Weihgaben für die Götter, niedergelegt an heiligen Orten (= "Depotfunde")
Die Frauen der reichen Oberschicht verrichteten weniger körperlich mühsame Handarbeiten als die Durchschnittsbevölkerung, wie Untersuchungen der Muskalansatzstellen an den Oberarmen der Skelette eines 300 Gräber umfassenden frühbronzezeitlichen Bestattungsplatzes der Maros-Kultur im nördlichen Banat im heutigen Serbien ergaben (2.100 - 1.800 v. Ztr.). (Porcic) Jedoch wiesen die Oberarme der Männer der reichen Oberschicht sogar noch stärkere Muskelansatzstellen auf als die der Durchschnittsbevölkerung:
High status men use their schoulder and arm muscles more then low status men.

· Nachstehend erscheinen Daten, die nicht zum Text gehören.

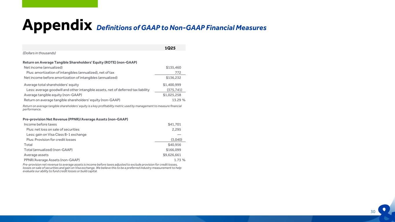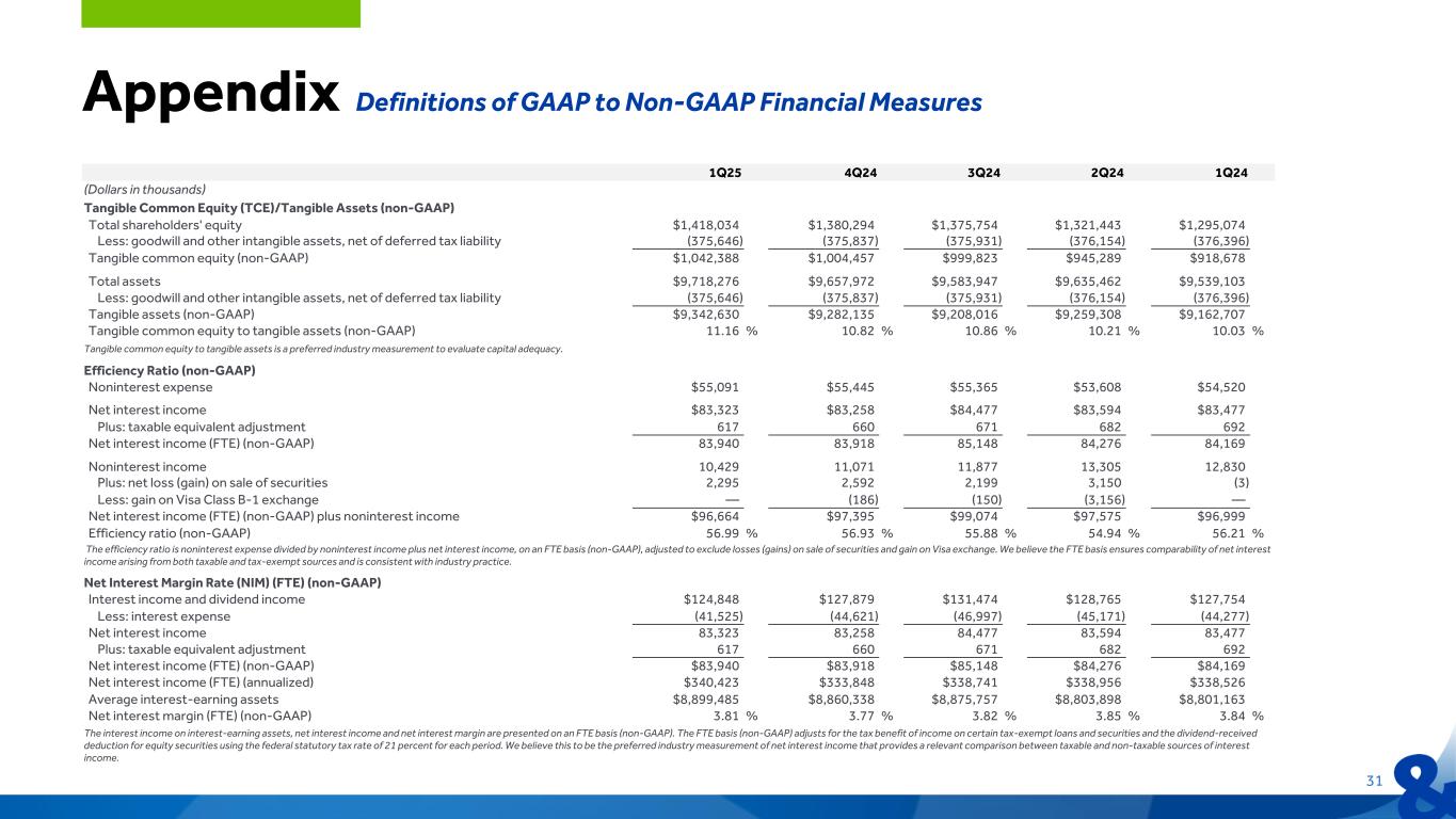 1Q25 (Dollars in thousands) Return on Average Tangible Shareholders' Equity (ROTE) (non-GAAP) Net income (annualized) $135,460 Plus: amortization of intangibles (annualized), net of tax 772 Net income before amortization of intangibles (annualized) $136,232 Average total shareholders' equity $1,400,999 Less: average goodwill and other intangible assets, net of deferred tax liability (375,741) Average tangible equity (non-GAAP) $1,025,258 Return on average tangible shareholders' equity (non-GAAP) 13.29 % Return on average tangible shareholders' equity is a key profitability metric used by management to measure financial performance. Pre-provision Net Revenue (PPNR)/Average Assets (non-GAAP) Income before taxes $41,701 Plus: net loss on sale of securities 2,295 Less: gain on Visa Class B-1 exchange — Plus: Provision for credit losses (3,040) Total $40,956 Total (annualized) (non-GAAP) $166,099 Average assets $9,626,661 PPNR/Average Assets (non-GAAP) 1.73 % Pre-provision net revenue to average assets is income before taxes adjusted to exclude provision for credit losses, losses on sale of securities and gain on Visa exchange. We believe this to be a preferred industry measurement to help evaluate our ability to fund credit losses or build capital. Appendix Definitions of GAAP to Non-GAAP Financial Measures 30
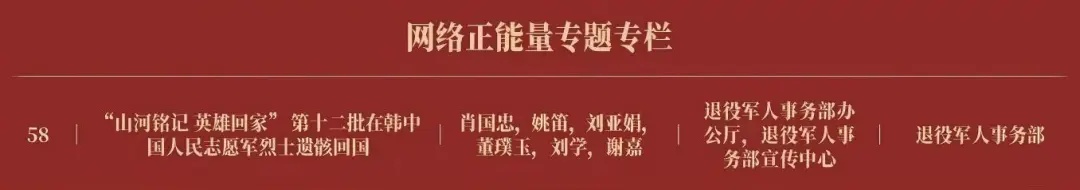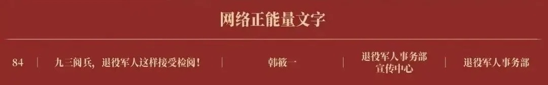 近日,由中央網(wǎng)信辦主辦的2025中國正能量網(wǎng)絡精品征集展播活動揭曉結果,經(jīng)過大眾評審、專家評議、評委線上打分和線下評審以及結果公示,退役軍人事務部共有4件作品入選。
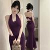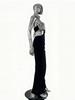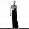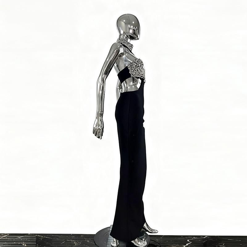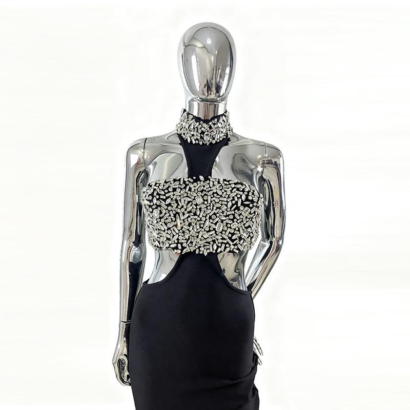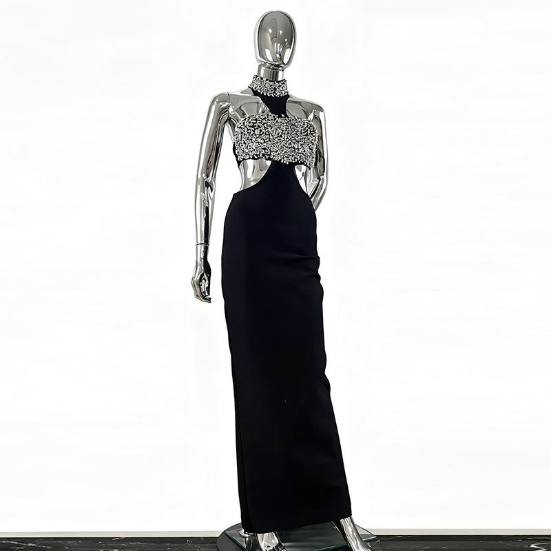 Vestido Largo Sexy de Promoción con Pedrería Halter Sin Mangas Vendaje Negro Bodycon 2025 Otoño Nuevo Vestido de Mujer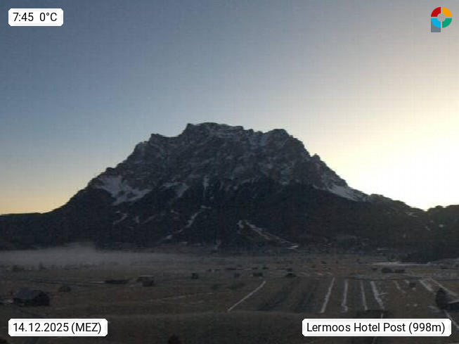 A 6631 Lermoos 1.010m, im Bezirk Reutte im Ausserfern zwischen den Lechtaler und Ammergauer Alpen und dem Wettersteingebirge. Blick vom Hotel Post über die Sonnenterasse in nördöstlicher Richtung über das Moos mit dem Golfplatz Tiroler Zugspitz in der Zugspitz Arena. Im Hintergrund die Zugspitze mit 2.962 m der höchste Berg Deutschlands. Präsentiert von https://www.post-lermoos.at/.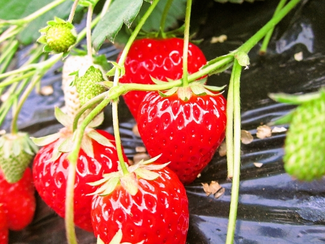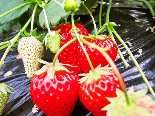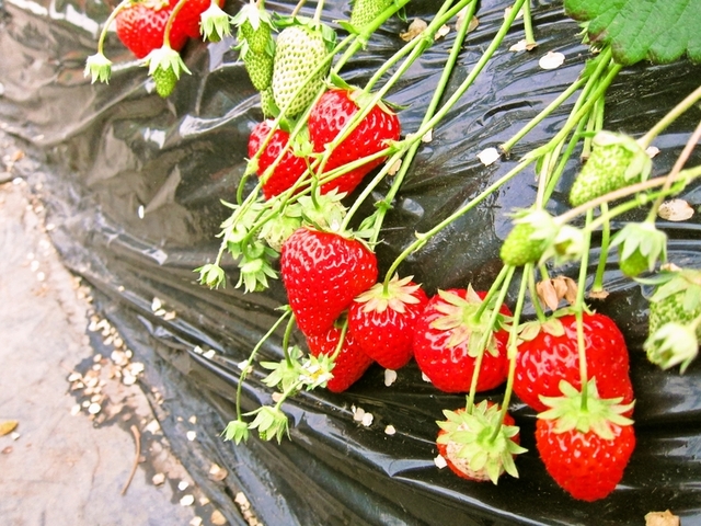 どか雪後でガラガラ。沢山のイチゴが残っていました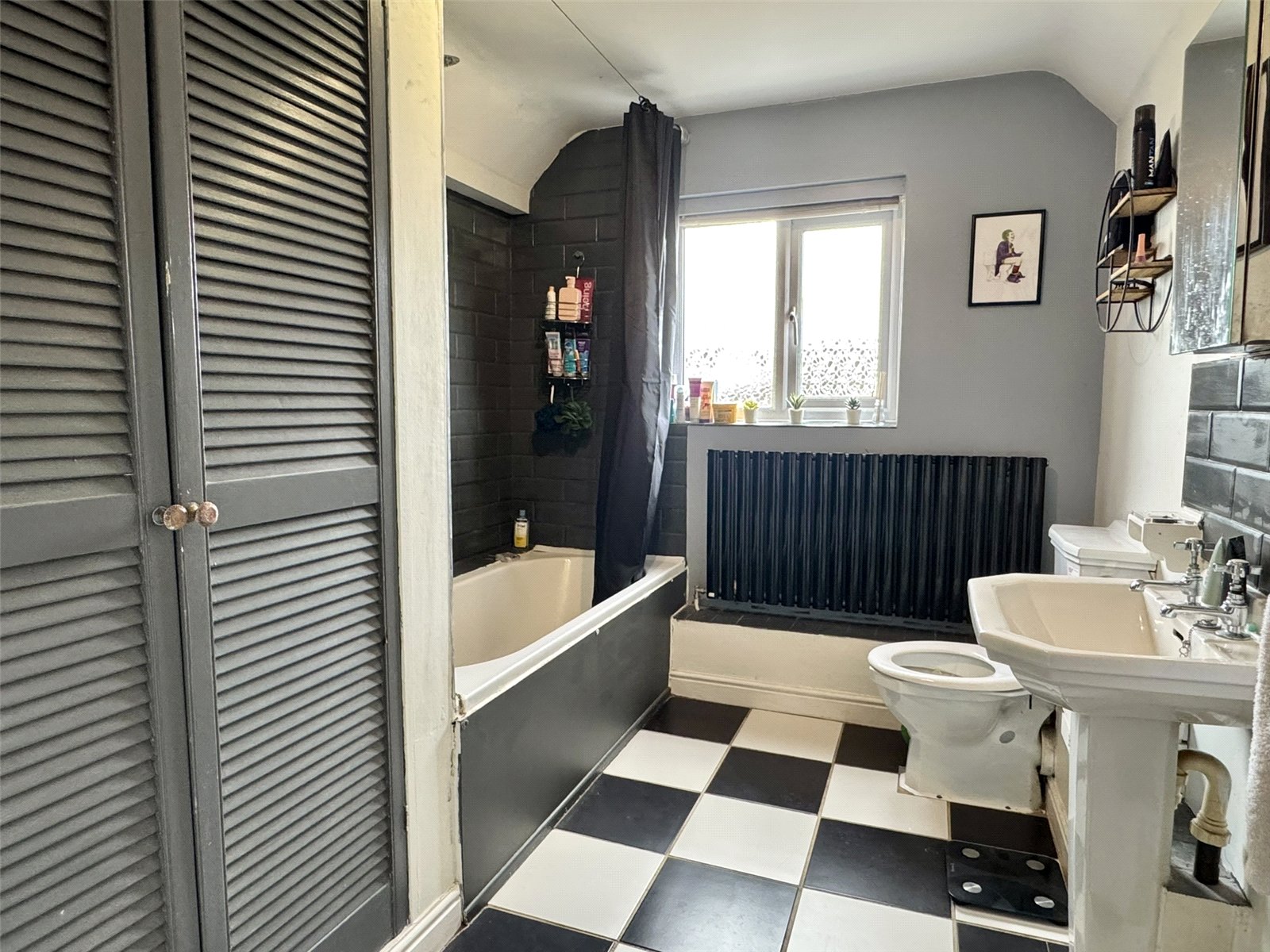 Bathroom Spacious bathroom fitted with a three-piece suite comprising panelled bath with mains shower with rainfall shower head over, low-level W.C. and pedestal wash hand basin. Radiator and opaque double glazed window to the rear aspect. Fitted storage cupboard with wall mounted central heating boiler.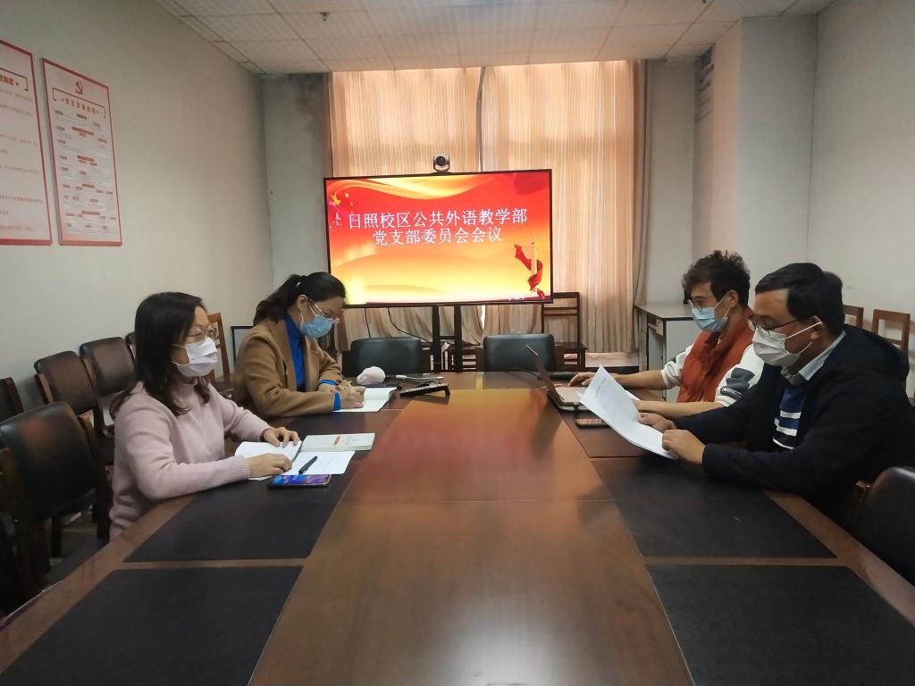 11月17日,B体育(中国)一站式服务官网日照校区党支部在JC1002召开支部委员会会议。会议由支部书记杜庆凤主持,除一位在外访学的委员外,其它四位委员参加了会议。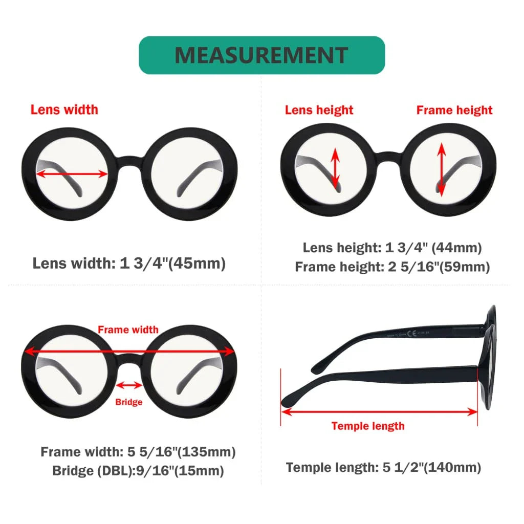 • Frame width: 5.31 inches (135mm), Lens width: 1.77 inches (45mm), Lens height: 1.73 inches (44mm), Bridge width: 0.59 inches (15mm), Temple length: 5.51 inches (140mm)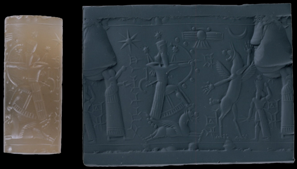 Escena mitológica asiria sobre el mito de Anzu. En escena Anzu, Ninurta y Hadad, siglo IX a. C.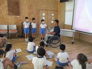 2024年6月25日 10時00分総合的な学習の時間にパラスポーツについて学んでいる4年生。今回は車いすバスケットとボッチャの体験をしました。講師は昨年度からお世話になっている石川県車いすバスケットボールチーム「Jamaney石川」のお二人とかほく市社会福祉協議会の方です。体育館で、ボッチャと車いすバスケットの体験をするクラスと、多目的室で車いすで生活している講師の方の日常生活の様子や質問などをするクラスに分かれて、後で交代するというスタイルで交流しました。はじめはおそるおそる動かしていた車いすも、どんどん上手になり、最後には簡単なバスケットのゲームも体験できました。ボッチャも、最初はただ投げていたボールですが、チームでの駆け引きや相手の玉に当てることもわかってくると、どんどん接戦や逆転が生まれてきて、ゲームの奥深さを学ぶことができました。また、車いすでの運転の仕方や暮らし方を動画で見せていただくことで、できないことも様々な工夫でできるようにしていくことの大切さや、車いすの人たちは不便ではあるけれど決してかわいそうではなくむしろ自分たちよりすごいことがたくさんあると学びました。ご協力いただいた講師の皆さん、本当にありがとうございました。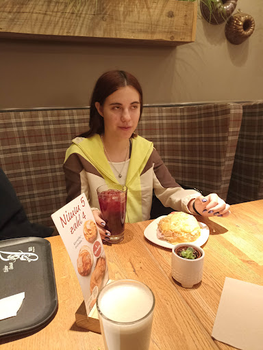 Rigtigt godt bageri, med hyggeligt siddeområde hvor man kan nyde alt fra kaffe og kage til sandwich og vand. Der var god og hurtig service og meget stort udvalg. Et dejligt sted f.eks. en hyggelig lille frokost på shoppeturen. Kaffen var god, både i den rene udgave og latte macchiato udgaven. Råvare og ingredienser var friske og produkterne smagte fint. Eneste grund til at det ikke bliver 5 stjerner, er nogle mindre detaljer omkring fremstillingen. Der var i en sandwich en del pesto direkte på indersiden af brødet så bunden af sandwitchen blev svampet og smattet, det skulle have været mellem indeholdet i stedet. Dernæst kæmpede basilikum smagen og rukula smagen med hinanden, det ville være en fordel med enten det ene eller det andet. Og sidst så bær mozzarella være øverst og/eller nederst. Men ud over disse små detaljer omkring tilberedning virkede resten af håndværket rigtig godt og det var rigtig dejligt brød. Et sted jeg nemt kunne finde på at...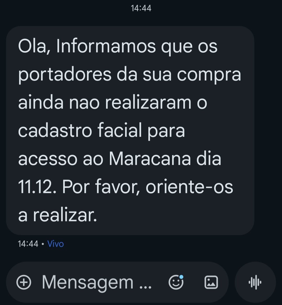 💢🚨 Atenção pra quem comprou ingresso para o primeiro jogo da copa do brasil. Vários amigos relatando o recebimento do SMS abaixo. Confirmem se a facial está cadastrada na bepass do Maracanã.

Dies könnte man darauf zurückführen, daß sie "waffengeübt" waren und sich erhielten, oder daß sie als Schmiede oder Handwerker tätig waren wie der süddeutsche Bogenschützen-Fürst von Stonehenge oder wie "Wieland der Schmied" in der germanischen Sage. Auch an intensiv betriebene Jagd mit Bogenschießen und anderem ist zu denken.
Ösenhalsringe - das erste Geld Mitteleuropas (um 2.000 v. Ztr.)
Wenn man einem solchen "protourbanen" Wirtschaftssystem wie dem im letzten Beitrag umrissenen hinterherdenkt, taucht irgendwann die Frage auf: Eigentlich fehlten da nur noch das Geld, die Münzen. Da man derartiges für die keltische Zeit schon kennt, ist es nicht so fernliegend, ähnliches auch für das bronzezeitliche Mitteleuropa anzunehmen.
Die auf Abb. 1 gezeigten Ösenhalsringe auf der rechten Bildseite stellten nach derzeitigem Forschungsstand um 2.000 v. Ztr. eine Art Tauschwährung dar.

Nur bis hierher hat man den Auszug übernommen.